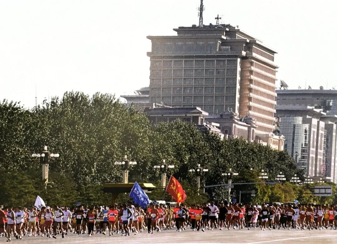 1981年秋,改革的春风拂过古都城墙,北京马拉松首次到来,奔跑的足迹第一次印上长安街。
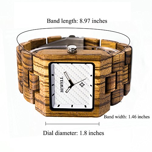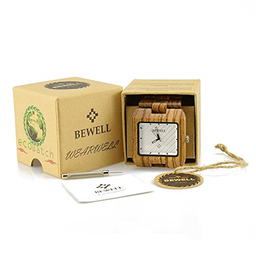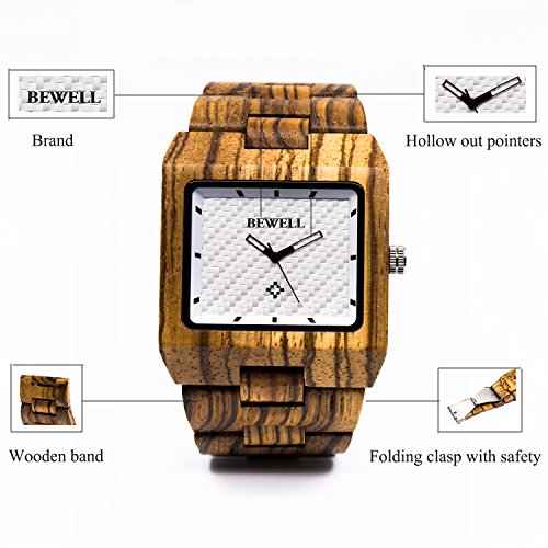 -. Title : Bewell Rectangle Men Wood Watches Analog Quartz White Dial Brown Zebra Wooden Wristwatch W016A
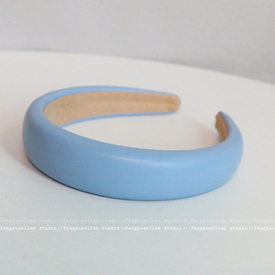 高顱頂頭箍洋氣時尚 頭飾 溫柔風藍色皮質發箍女2025新款 小閑既歡由
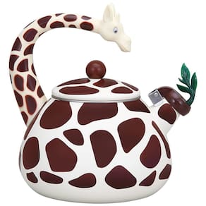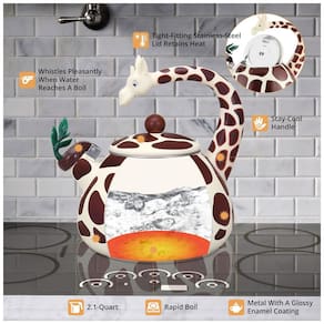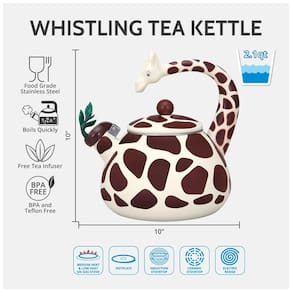 Material Aço inoxidável de calibre pesado com acabamento em esmalte. Cuidados e limpeza os esmaltes podem ser lavados na lava louças no entanto, recomendamos lavar à mão com sabão neutro e secar imediatamente para preservar o acabamento. Inclui chaleira de assobio de girafa de 1 peça. Apresentando a adorável chaleira esmaltada Giraffe. Escolha sua chaleira favorita hoje e aproveite sua vida na cozinha Com um design muito adorável, esta chaleira adicionará diversão à sua cozinha e trará um sorriso ao seu rosto sempre que você ferver água Esses designs vêm em uma linda caixa de presente, será uma ótima ideia de presente para o seu ente querido. É feito de esmalte sobre aço dentro e fora da chaleira. A alça, o bico e o botão da tampa são feitos de plástico durável
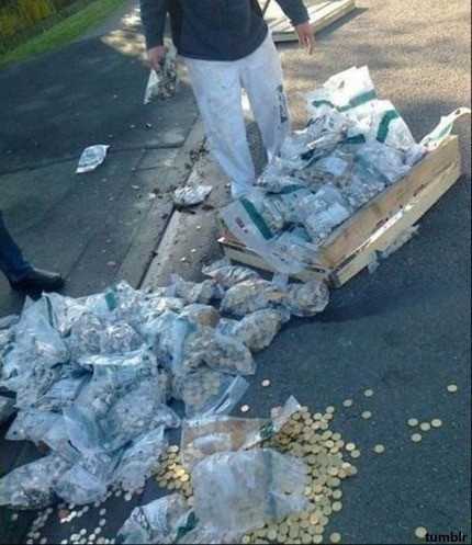 사진을 살펴보면 한 청년이 엄청난 양의 동전을 길바닥에 쏟은 채 어쩔 줄 몰라 하고 있는 모습이다.
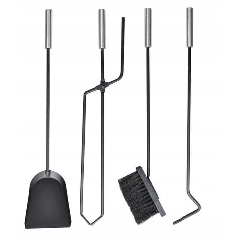 Ta pametni komplet vsebuje 4 različna orodja za vaš kamin in pripadajoče držalo za različne pripomočke. Orodja so moderno oblikovana in izdelana iz robustnega jekla črne barve.
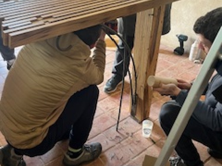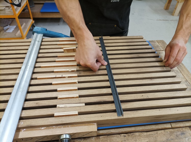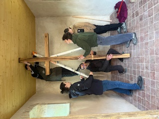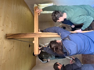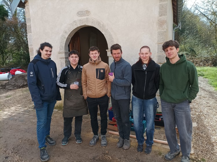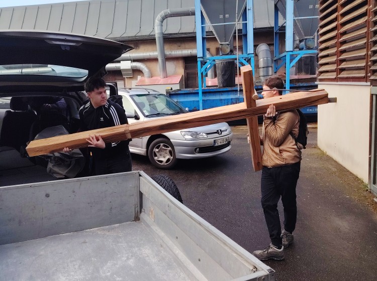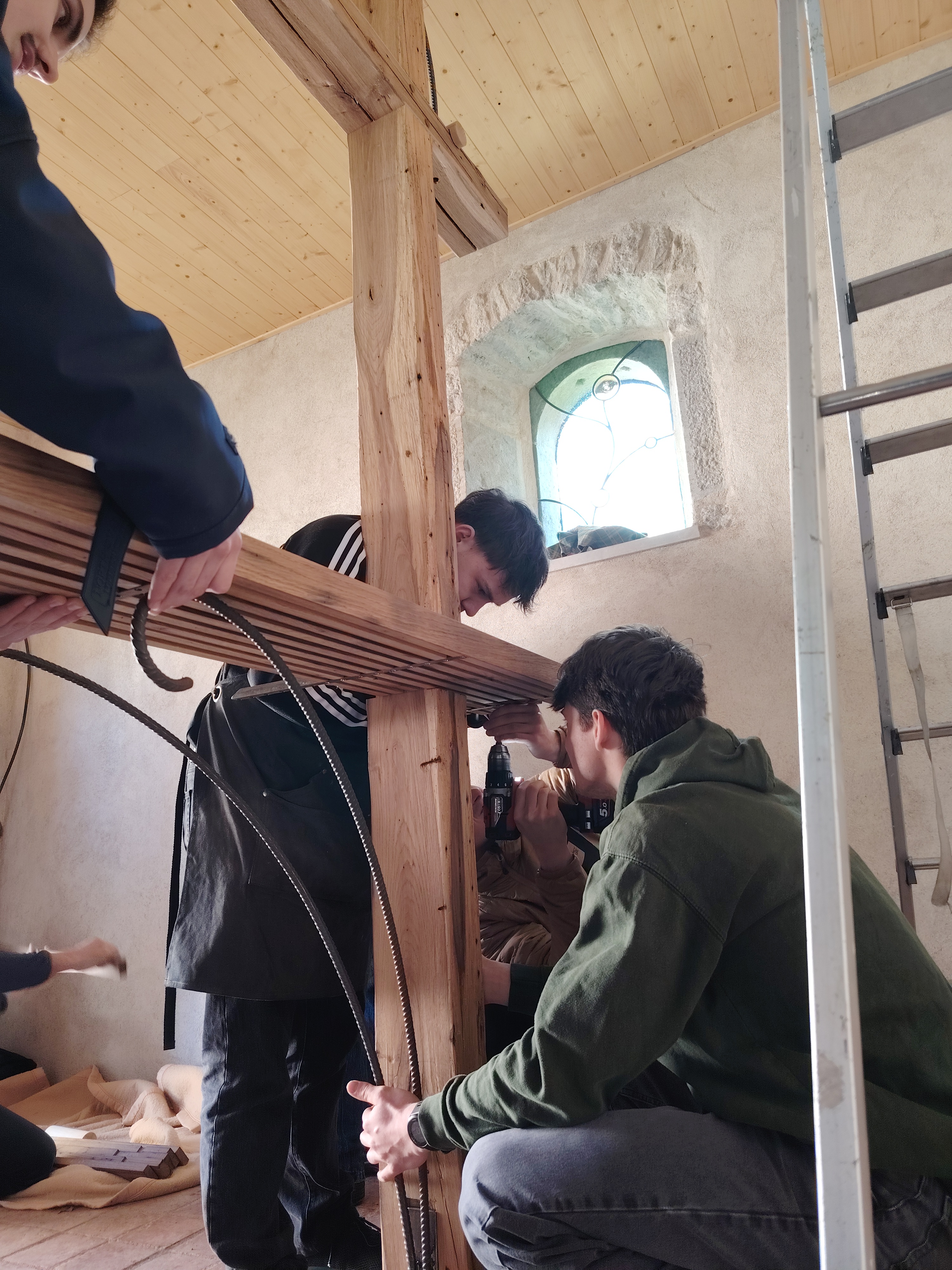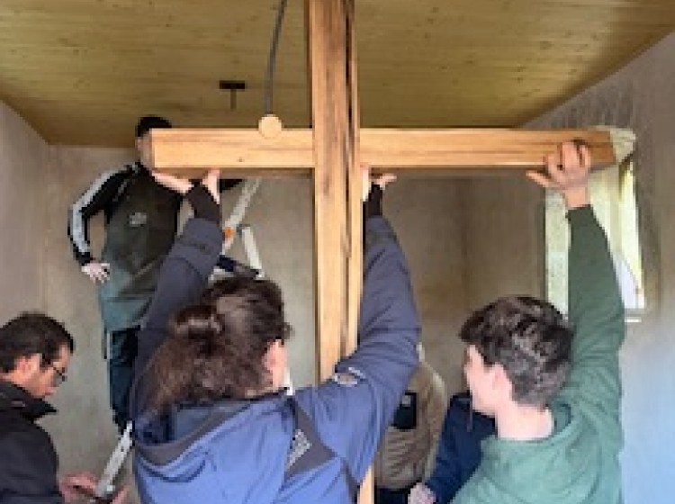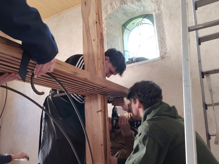 La classe de 1ère BMA Ebéniste finalise son projet, avec la pose en lieu et place de l’autel au cœur de la chapelle Notre-Dame du Refuge à Pirey, entre les deux vitraux contemporains. Cet ouvrage aura été l’occasion de fédérer le groupe d’élèves autour d’approches diverses (récupération et exploitation au mieux de matériaux anciens, interventions mécaniques et manuelles de précision, mise en forme de pièces métalliques, soudures…).
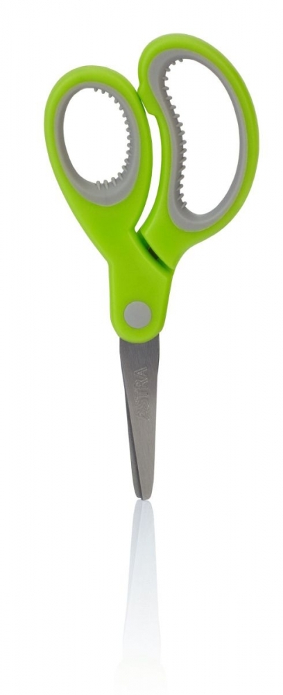 Nożyczki szkolne Astra z ergonomicznym uchwytem i podziałką. Wykonane ze stali nierdzewnej, posiadają ergonomiczny uchwyt oraz bezpieczne zaokrąglone końce i podziałkę.
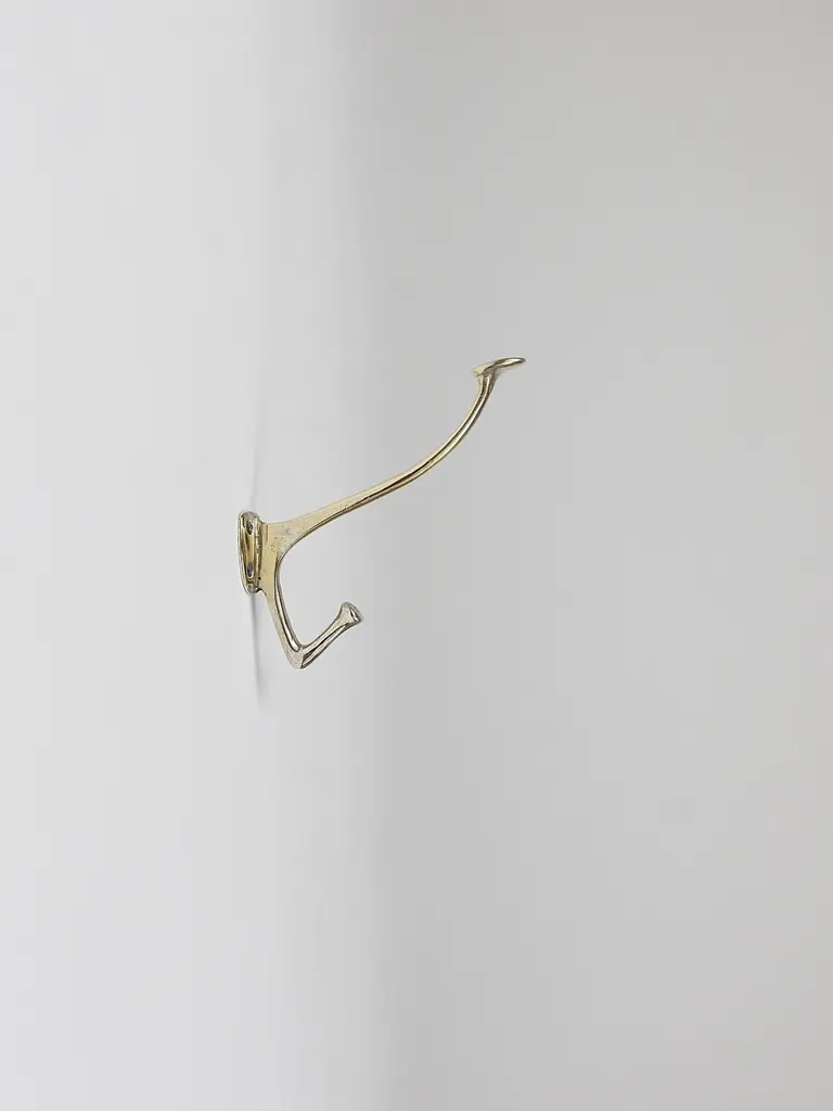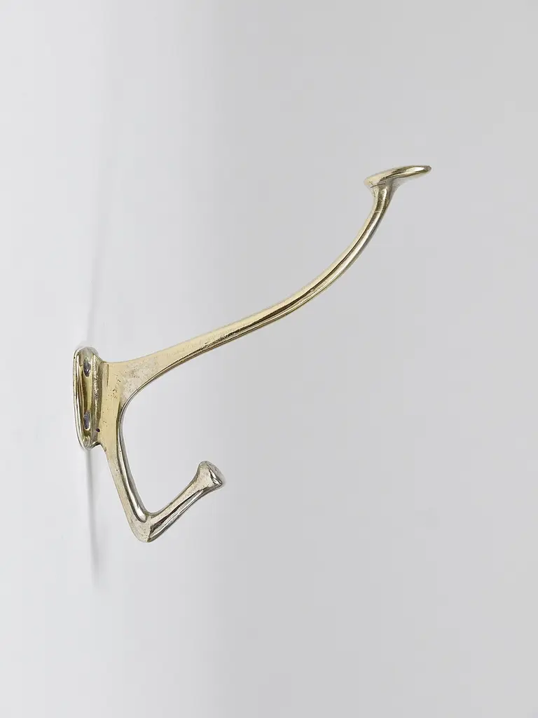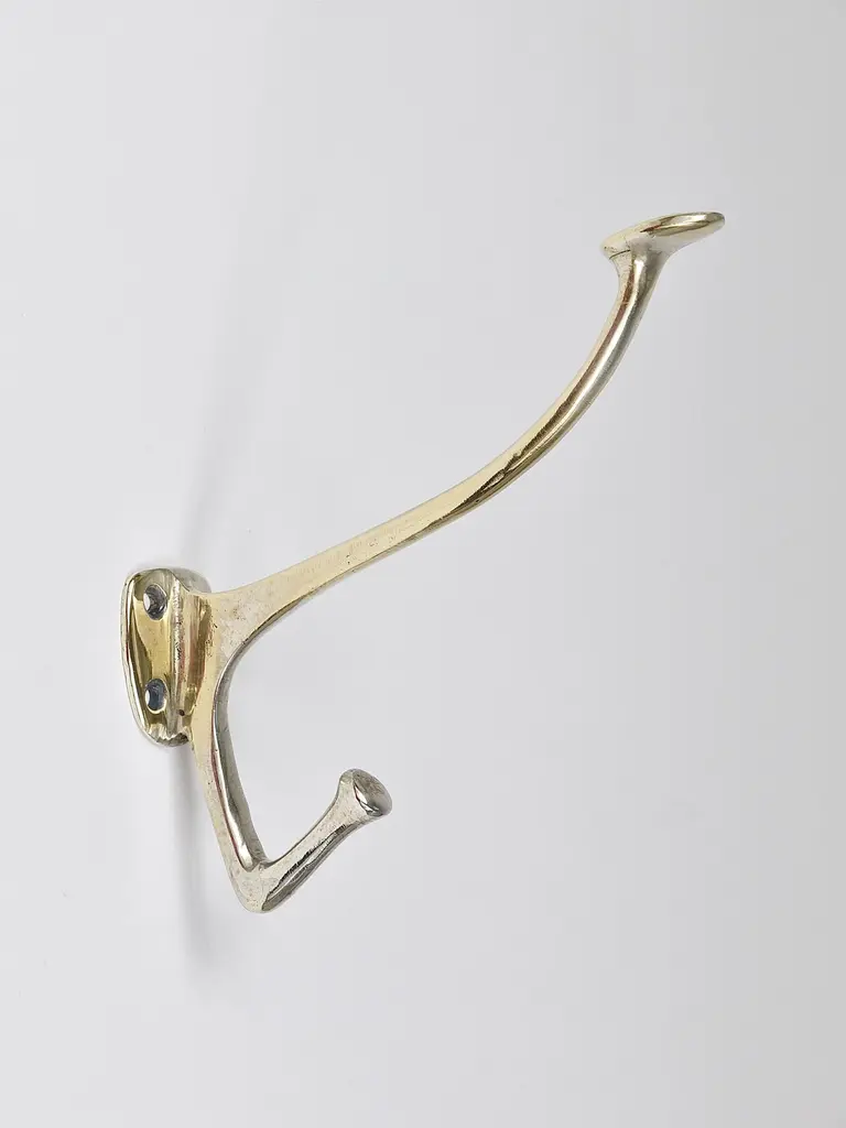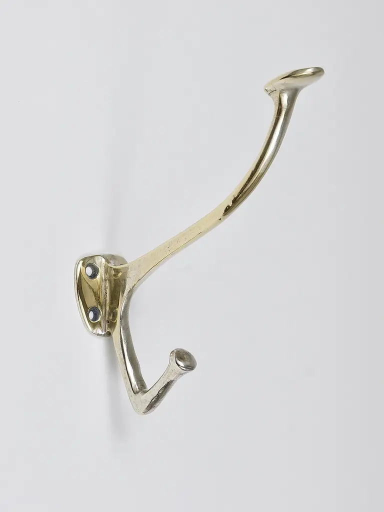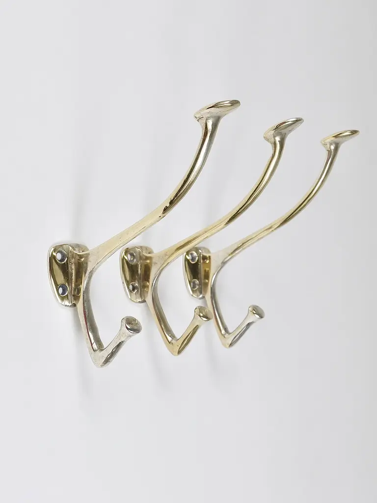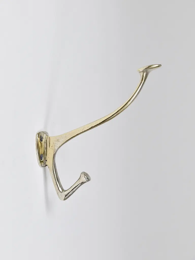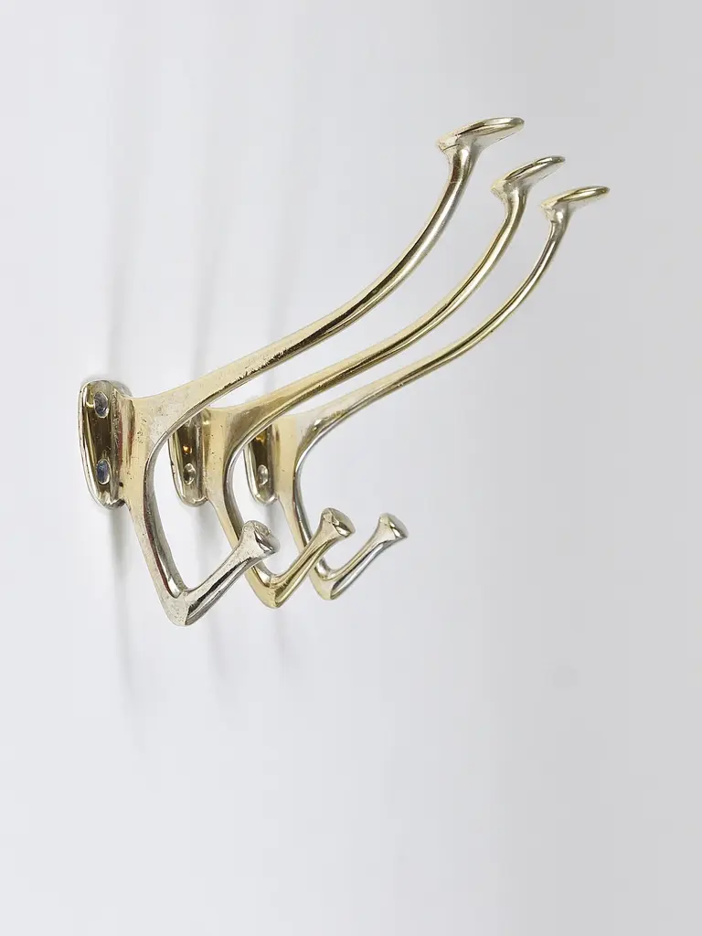 Up to six beautiful and elegantly curved Art Nouveau coat hooks. Sold and priced per piece. Designed circa 1916 by Adolf Loos (1870 - 1933) for the Jugendstil Café Capua in Vienna. Made of nickel-plated brass, in good condition with nice patina. Sold and priced per piece.
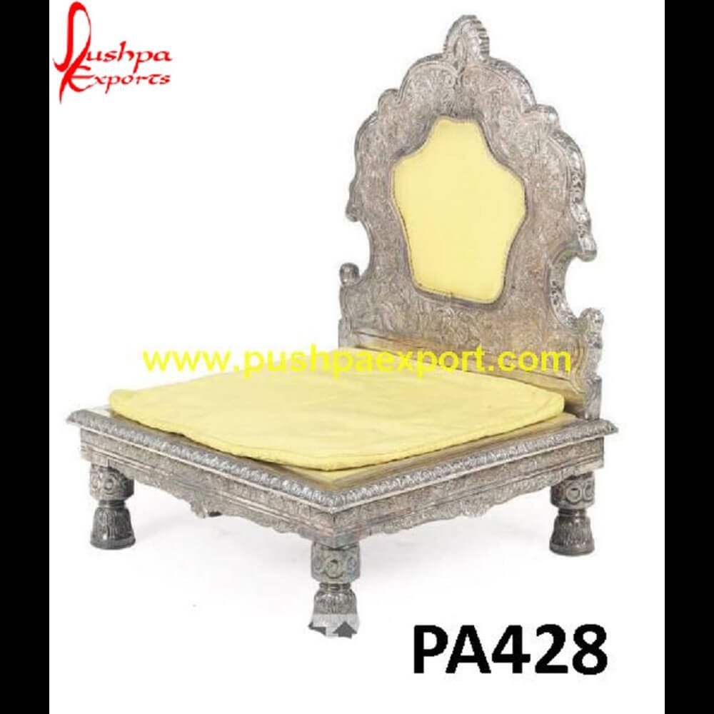 Our Yellow Low Seating Singhasan Chair is quite appealing. The Yellow Low Seating Singhasan Chair we offer are enormously long lasting. The Yellow Low Seating Singhasan Chair that we offer is very comfortable. The Yellow Low Seating Singhasan Chair is entirely hand carved. No machines are used for silver sheet leafing or carving process. The silver sheet used in making of Yellow Low Seating Singhasan Chair is made of 99 percent pure silver. Our Yellow Low Seating Singhasan Chair is completely made from natural raw materials and is all hand crafted. The Yellow Low Seating Singhasan Chair is built of high-quality teak or sag wood and is covered with silver sheet. We can also make it in any other wood as per the buyer’s requirement. White metal sheet, brass sheet, bronze sheet, or wood polish finish can be done, if the buyer prefers a Yellow Low Seating Singhasan Chair in any other finish other than silver finish.
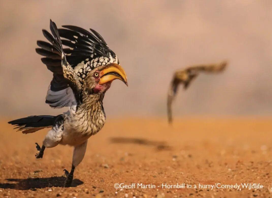 在南非齊曼加(Zimanga)的一處隱蔽拍攝點,攝影師Geoff Martin正在耐心等待他想要拍攝的主角——白背禿鷲。然而,白背禿鷲還沒出現,一隻南方黃嘴犀鳥卻突然闖入鏡頭,穩穩停在前面,擋住了所有拍攝禿鷲的視線。這時,一隻慄翅鷹從右側迅速掠過,似乎把犀鳥嚇了一跳,犀鳥便逃命般狂奔起來。

About this task:
Copy out exactly, with no pictures, the lines of the data from the first one through the line bearing "高顱頂頭箍洋氣時尚 頭飾 溫柔風藍色皮質發箍女2025新款 小閑既歡由".

Worked solution:
 1981年秋,改革的春风拂过古都城墙,北京马拉松首次到来,奔跑的足迹第一次印上长安街。
 -. Title : Bewell Rectangle Men Wood Watches Analog Quartz White Dial Brown Zebra Wooden Wristwatch W016A
 高顱頂頭箍洋氣時尚 頭飾 溫柔風藍色皮質發箍女2025新款 小閑既歡由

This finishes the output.